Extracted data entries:
_ _ _ _

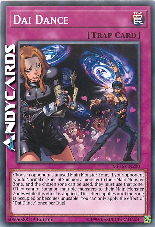 Choose 1 opponent's unused Main Monster Zones; if your opponent would Normal Summon/Set or Special Summon a monster to their Main Monster Zone, and the chosen zone can be used, they must use that zone. (They cannot Summon multiple monsters to their Main Monster Zones while this effect is applied.) This effect is applies until the zone is occupied or becomes unusable. You can only apply the effect of "Dai Dance" once per Duel.
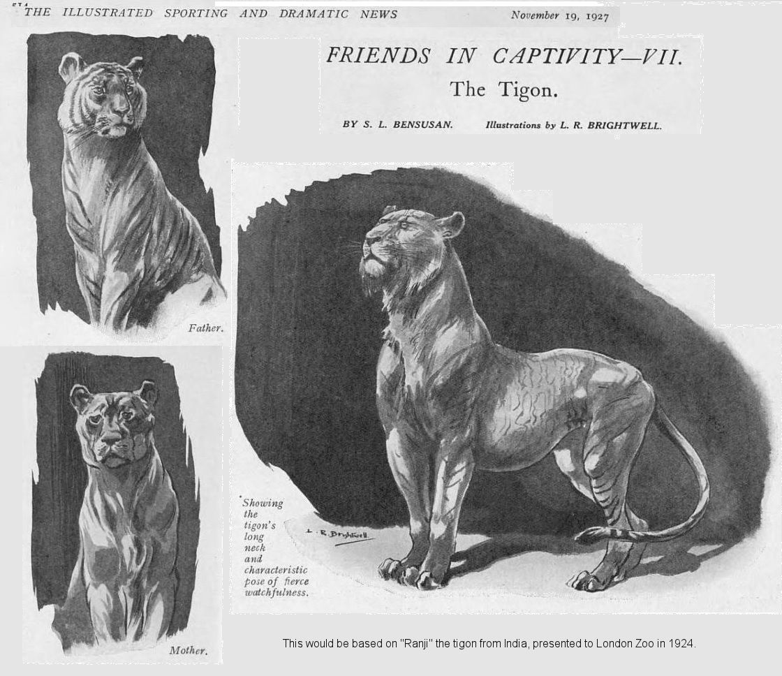 The Illustrated Sporting and Dramatic News, 19th November, 1927, carried a long article on London Zoo tigon: FRIENDS IN CAPTIVITY-- VII. The Tigon. BY S. L. BENSUSAN. Illustrations by L.R. Brightwell. This week Mr. Bensusan writes of the Tigon at the Zoo, that aloof offspring of a tiger and a lioness, who shows but little of the tendency of the species from which he springs to respond to his captor's advances.
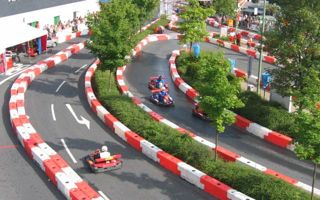 Rennstrecke Rade! Das war ein riesengroßer Event in Radevormwald, das Kart City Race. 2004 waren auch wir mit dabei, mit unserem eigenen Radio Berg Team. Mitten unter Profiteams. Dafür haben wir uns erstaunlich gut gehalten!
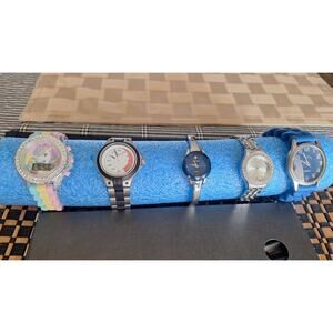 Lot of 5 watches. All work, all have brand new batteries! The Armitron is a real diamond. The blue with silicon blue band stops sometimes randomly, and the crystal is scratched. The others all work perfectly. The unicorn blinks random colors when the button is pushed and works perfectly. Overall, this lot is excellent! See pics for details of condition! Thanks for supporting our small business! We ship daily! We list on 7 different platforms, and our items usually sell pretty fast, so don't hesitate! Ask questions; we respond quickly! Our items are selected for condition and quality; we donate things that don't measure up to our local thrift store, so you get only what we deem as good or better! Thanks for looking at our stuff; we have more coming!
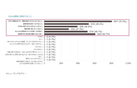 - STEAM教育に期待することで、最も多いのは「課題解決力」。次いで「自己肯定感や論理的思考力」など。
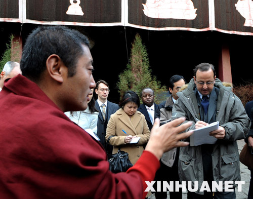 這是“3·14”事件后外國(guó)駐華使館(團(tuán))官員首次來(lái)到拉薩。15名外交官分別來(lái)自巴西、日本、加拿大、歐盟、英國(guó)、德國(guó)、法國(guó)、意大利、西班牙、斯洛文尼亞、新加坡、坦桑尼亞、澳大利亞、俄羅斯和美國(guó)。
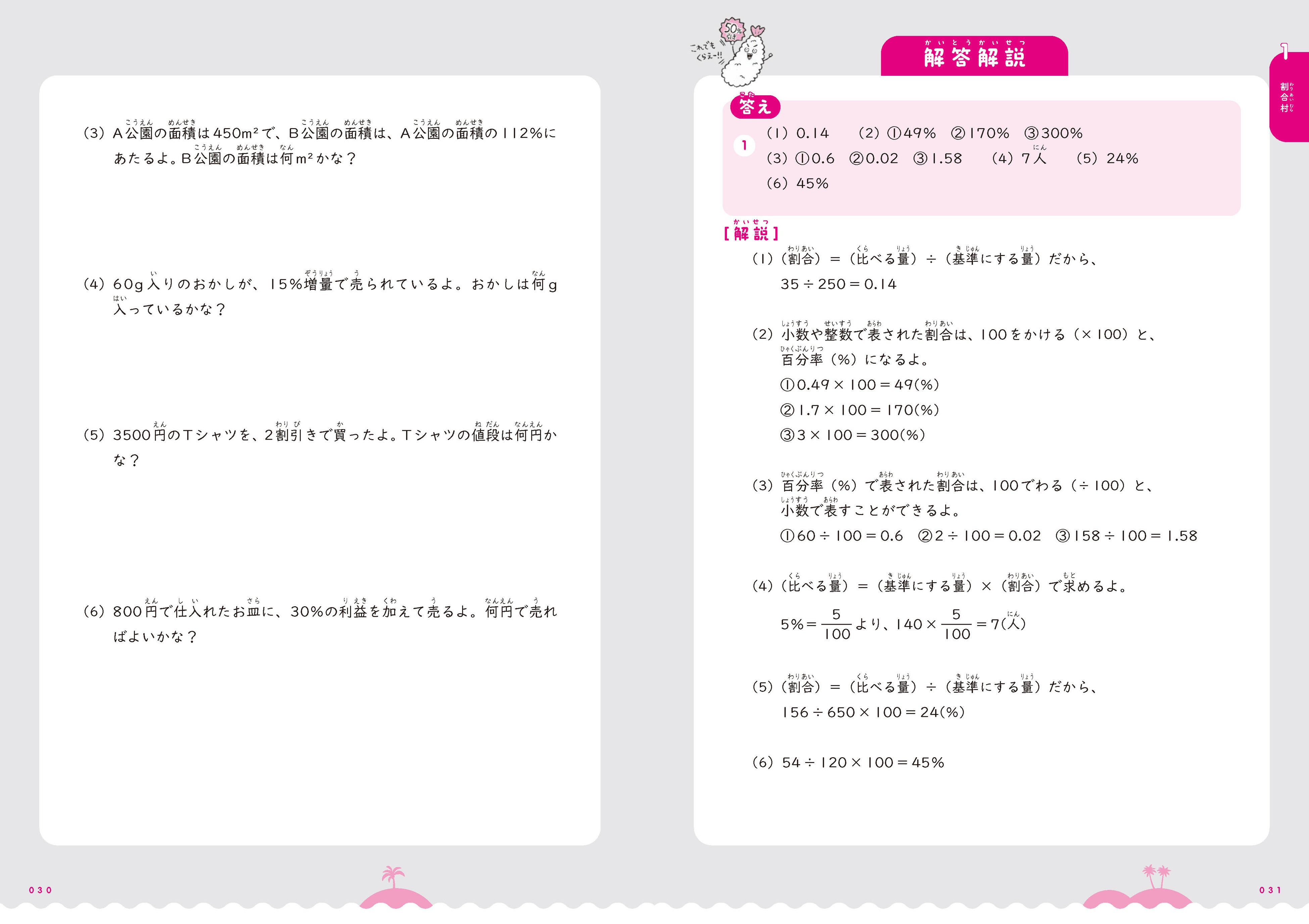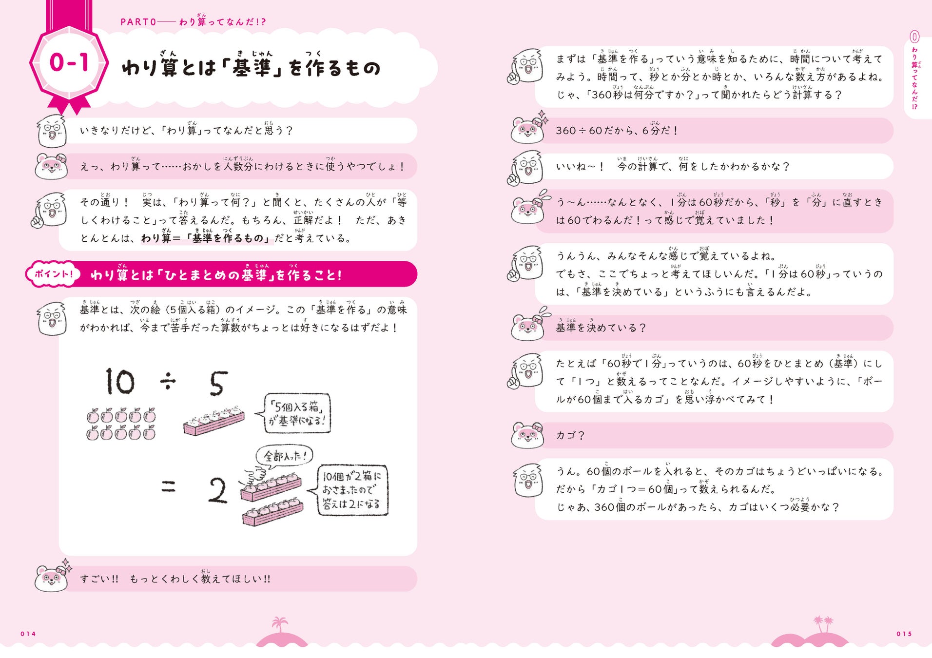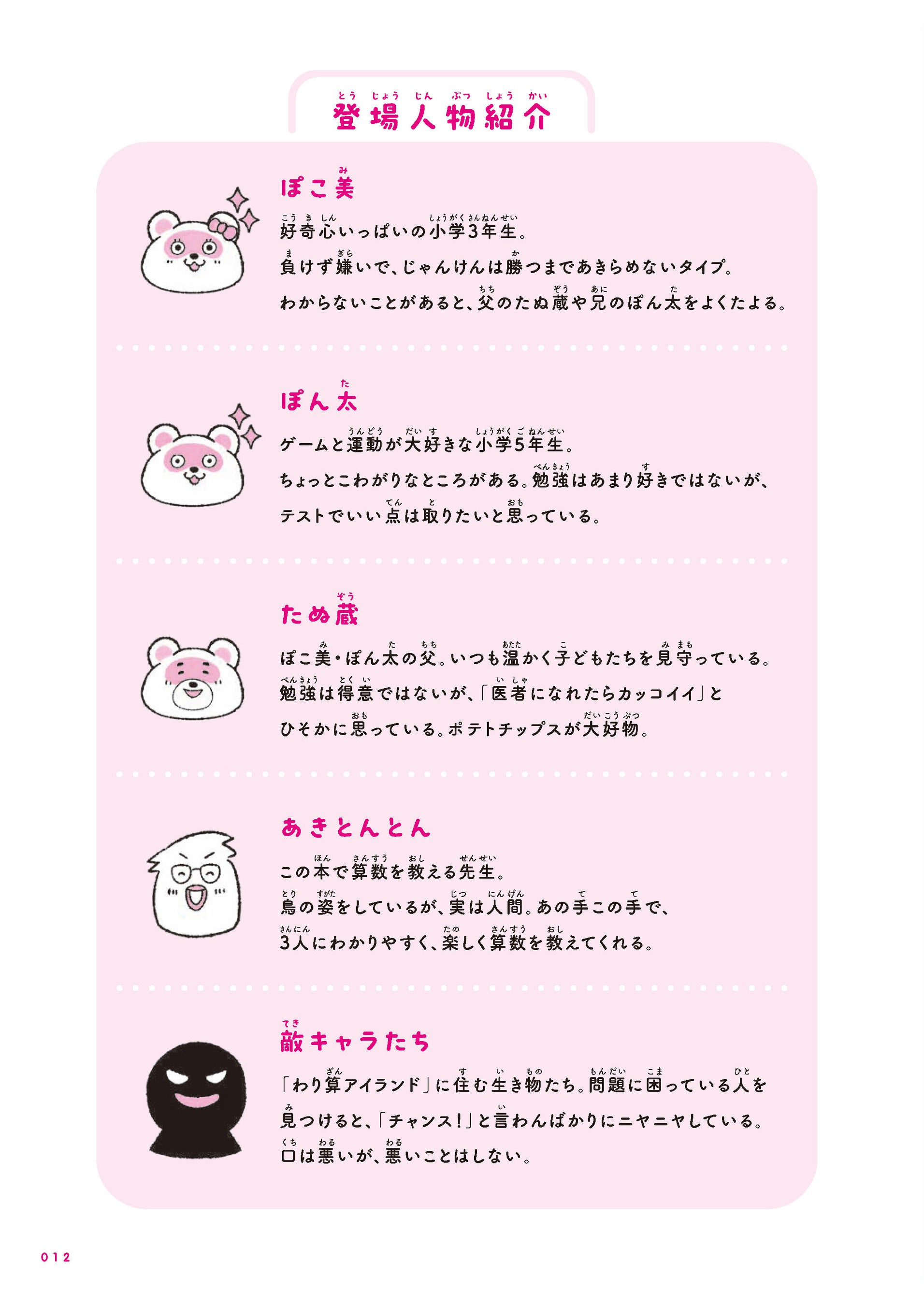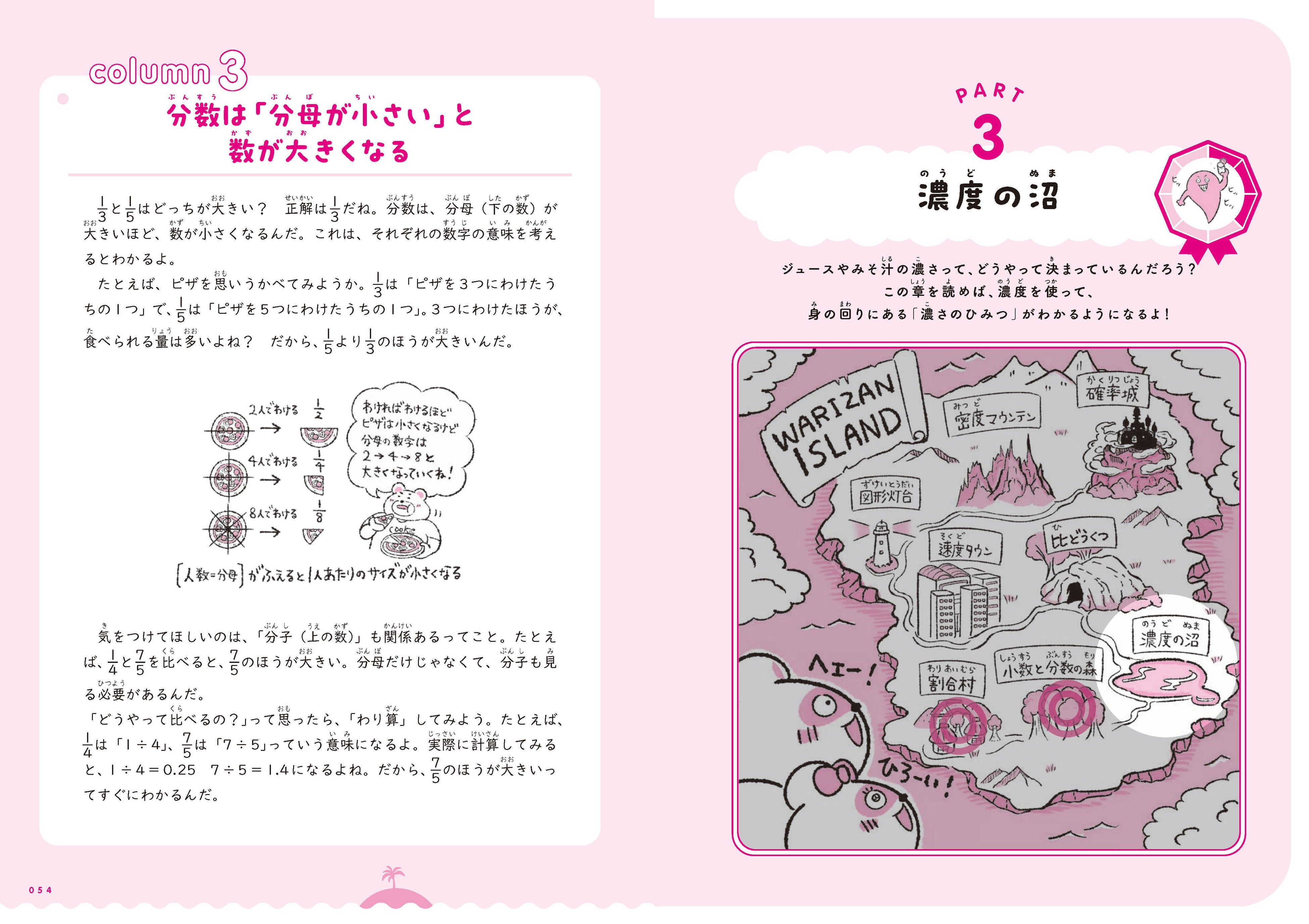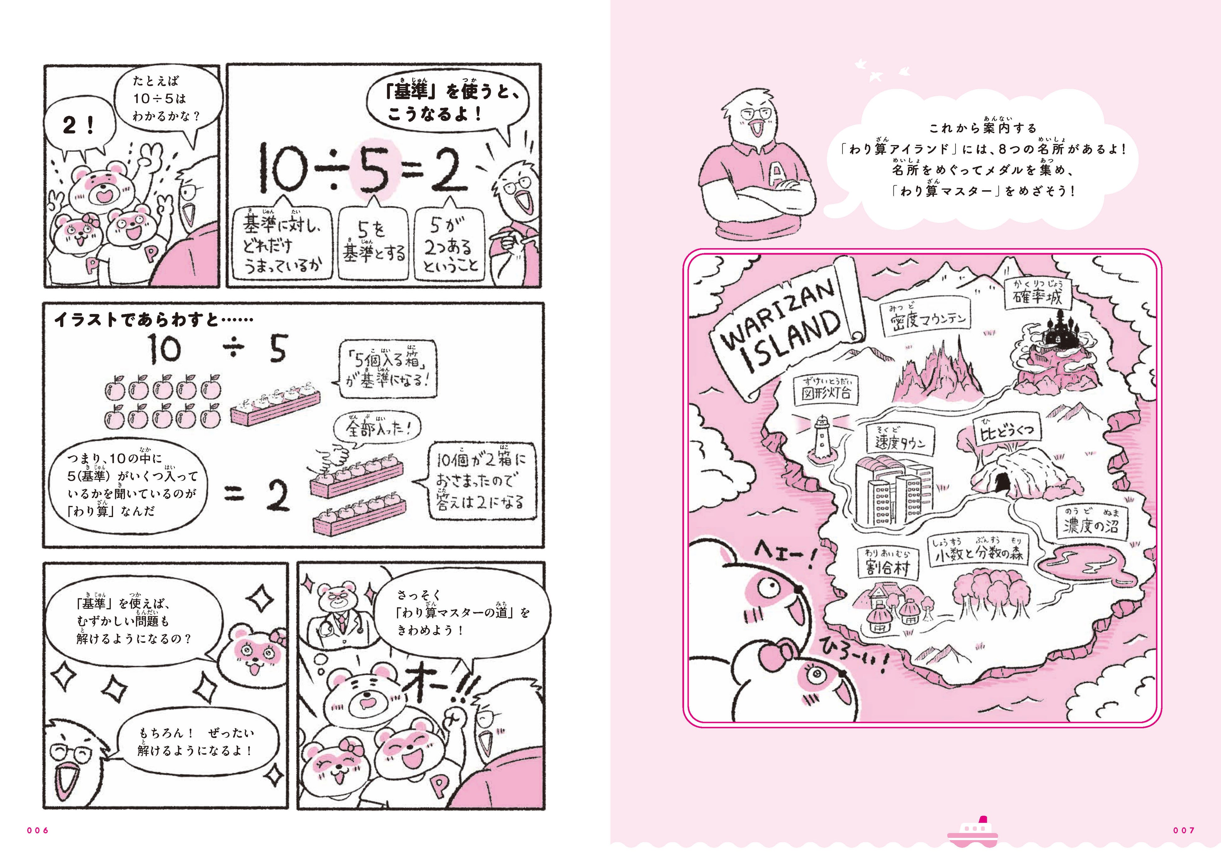 本書の中では、あきとんとん氏が鳥の姿をした先生となって登場。ぽこ美、ぽん太兄妹とともに、読者を「わり算アイランド」への冒険に誘います。「割合村」「小数と分数の森」「密度マウンテン」など、テーマごとに分かれた8つの名所を巡ってメダルを集めることで、算数の重要概念が自然と身につく構成となっています。キャラクターたちの対話形式で展開していくので、ゲームを攻略するような感覚で、楽しく、飽きることなく読み進めることができるのも本書ならではの特長です。

_ _ _ _

▶ Your assignment: The lines from the one containing "- STEAM教育に期待する" to the last line of the records, both included: print exactly those and nothing else, leaving out any pictures.

▶ Solution to the exercise:
 - STEAM教育に期待することで、最も多いのは「課題解決力」。次いで「自己肯定感や論理的思考力」など。
 這是“3·14”事件后外國(guó)駐華使館(團(tuán))官員首次來(lái)到拉薩。15名外交官分別來(lái)自巴西、日本、加拿大、歐盟、英國(guó)、德國(guó)、法國(guó)、意大利、西班牙、斯洛文尼亞、新加坡、坦桑尼亞、澳大利亞、俄羅斯和美國(guó)。
 本書の中では、あきとんとん氏が鳥の姿をした先生となって登場。ぽこ美、ぽん太兄妹とともに、読者を「わり算アイランド」への冒険に誘います。「割合村」「小数と分数の森」「密度マウンテン」など、テーマごとに分かれた8つの名所を巡ってメダルを集めることで、算数の重要概念が自然と身につく構成となっています。キャラクターたちの対話形式で展開していくので、ゲームを攻略するような感覚で、楽しく、飽きることなく読み進めることができるのも本書ならではの特長です。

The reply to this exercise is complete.